RECORDS FOR THE TASK Block Start

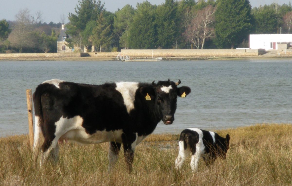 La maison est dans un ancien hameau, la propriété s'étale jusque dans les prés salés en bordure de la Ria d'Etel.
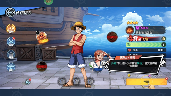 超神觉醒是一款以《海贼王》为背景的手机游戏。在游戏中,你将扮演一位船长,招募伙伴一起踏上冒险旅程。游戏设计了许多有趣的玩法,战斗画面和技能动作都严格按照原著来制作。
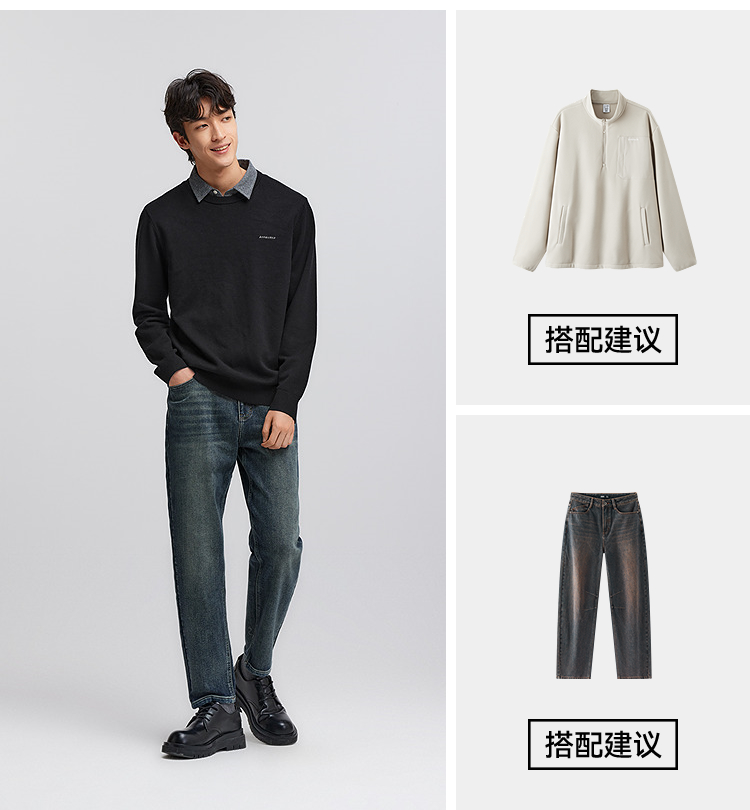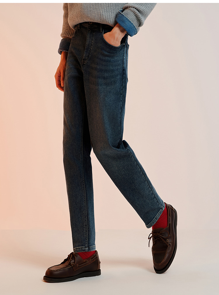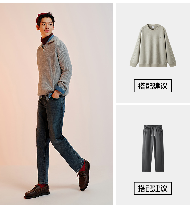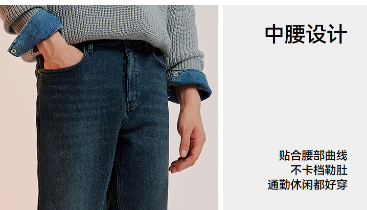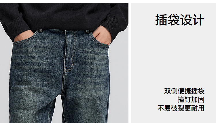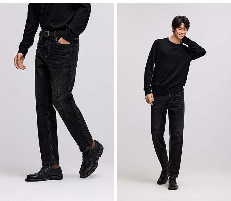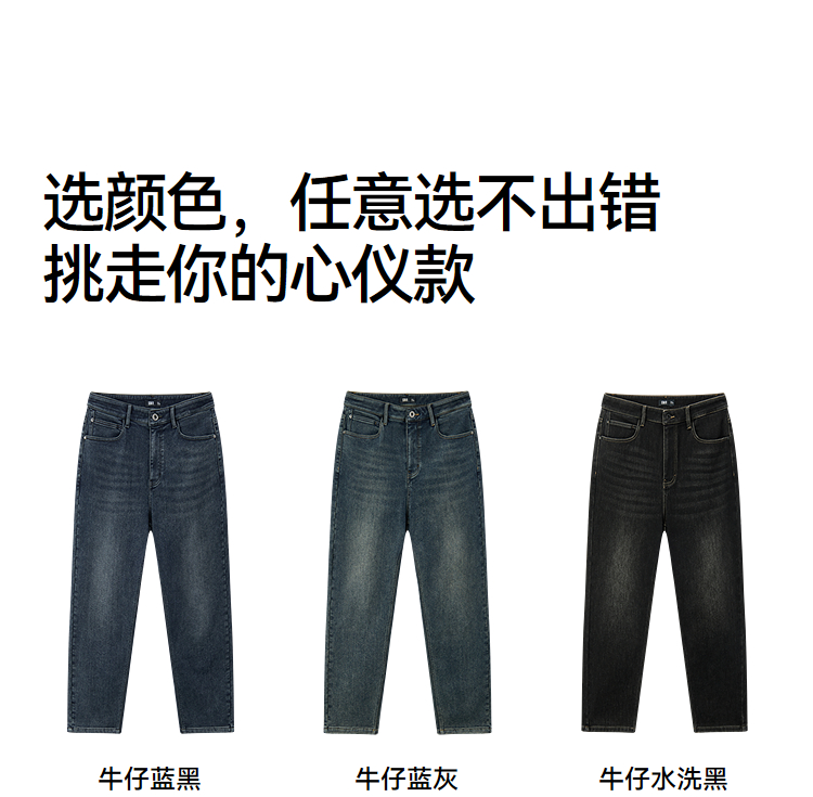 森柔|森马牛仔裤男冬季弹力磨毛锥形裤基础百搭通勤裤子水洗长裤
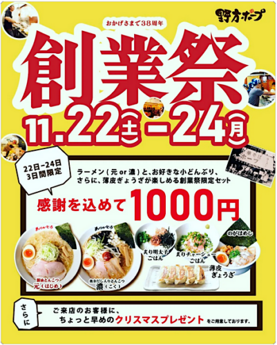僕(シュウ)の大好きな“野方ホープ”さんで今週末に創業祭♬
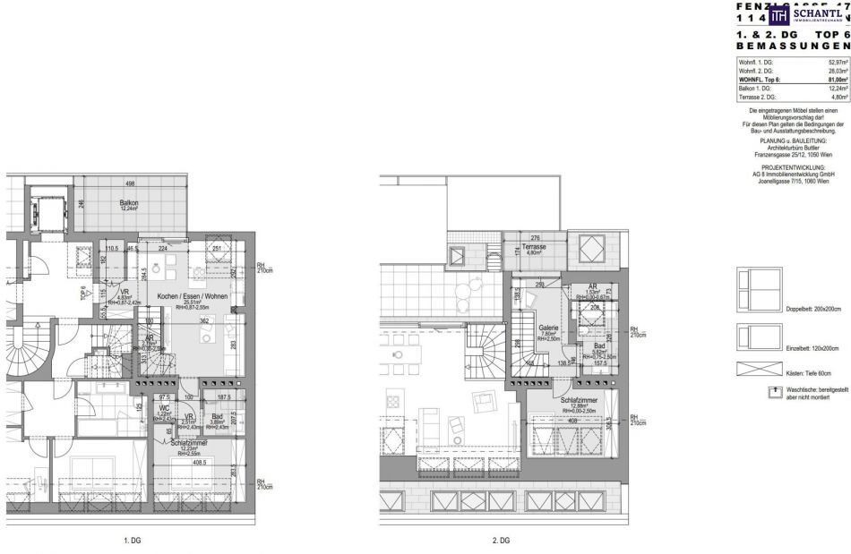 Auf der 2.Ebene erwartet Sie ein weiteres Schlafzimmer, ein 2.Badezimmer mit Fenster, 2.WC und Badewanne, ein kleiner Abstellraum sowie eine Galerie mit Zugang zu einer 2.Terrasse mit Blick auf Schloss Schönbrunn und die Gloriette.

RECORDS FOR THE TASK Block End

EXERCISE INSTRUCTIONS:
In your answer, give every line of the listing above exactly, and do not include the images.

RESPONSE:
 La maison est dans un ancien hameau, la propriété s'étale jusque dans les prés salés en bordure de la Ria d'Etel.
 超神觉醒是一款以《海贼王》为背景的手机游戏。在游戏中,你将扮演一位船长,招募伙伴一起踏上冒险旅程。游戏设计了许多有趣的玩法,战斗画面和技能动作都严格按照原著来制作。
 森柔|森马牛仔裤男冬季弹力磨毛锥形裤基础百搭通勤裤子水洗长裤
僕(シュウ)の大好きな“野方ホープ”さんで今週末に創業祭♬
 Auf der 2.Ebene erwartet Sie ein weiteres Schlafzimmer, ein 2.Badezimmer mit Fenster, 2.WC und Badewanne, ein kleiner Abstellraum sowie eine Galerie mit Zugang zu einer 2.Terrasse mit Blick auf Schloss Schönbrunn und die Gloriette.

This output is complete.